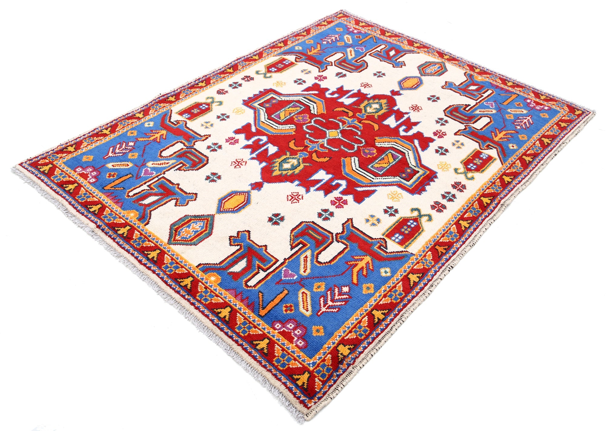 Hand-Knotted Tribal Geometric Wool Rug - 5'0" x 6'6"
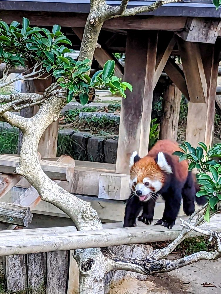 屋内は冷房が効いてのんびりしているレッサーパンダもいましたが 外のコは暑かったのに舌を出しながらも歩き回ってましたね😄🦝
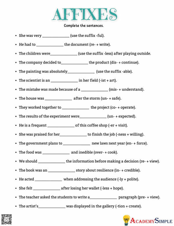 Affixes also help us understand the parts of speech. By recognizing the suffixes, we can tell whether a word is a noun, verb, adjective, or adverb. For example, “-ment” at the end of a word often turns it into a noun, such as in “enjoyment” or “development.” Similarly, the suffix “-ful” turns nouns into adjectives, like “hopeful” or “beautiful.”

▸ Work to be completed:
Set down the data again, exactly, without images.

▸ Exercise answer:
 Hand-Knotted Tribal Geometric Wool Rug - 5'0" x 6'6"
 屋内は冷房が効いてのんびりしているレッサーパンダもいましたが 外のコは暑かったのに舌を出しながらも歩き回ってましたね😄🦝
 Affixes also help us understand the parts of speech. By recognizing the suffixes, we can tell whether a word is a noun, verb, adjective, or adverb. For example, “-ment” at the end of a word often turns it into a noun, such as in “enjoyment” or “development.” Similarly, the suffix “-ful” turns nouns into adjectives, like “hopeful” or “beautiful.”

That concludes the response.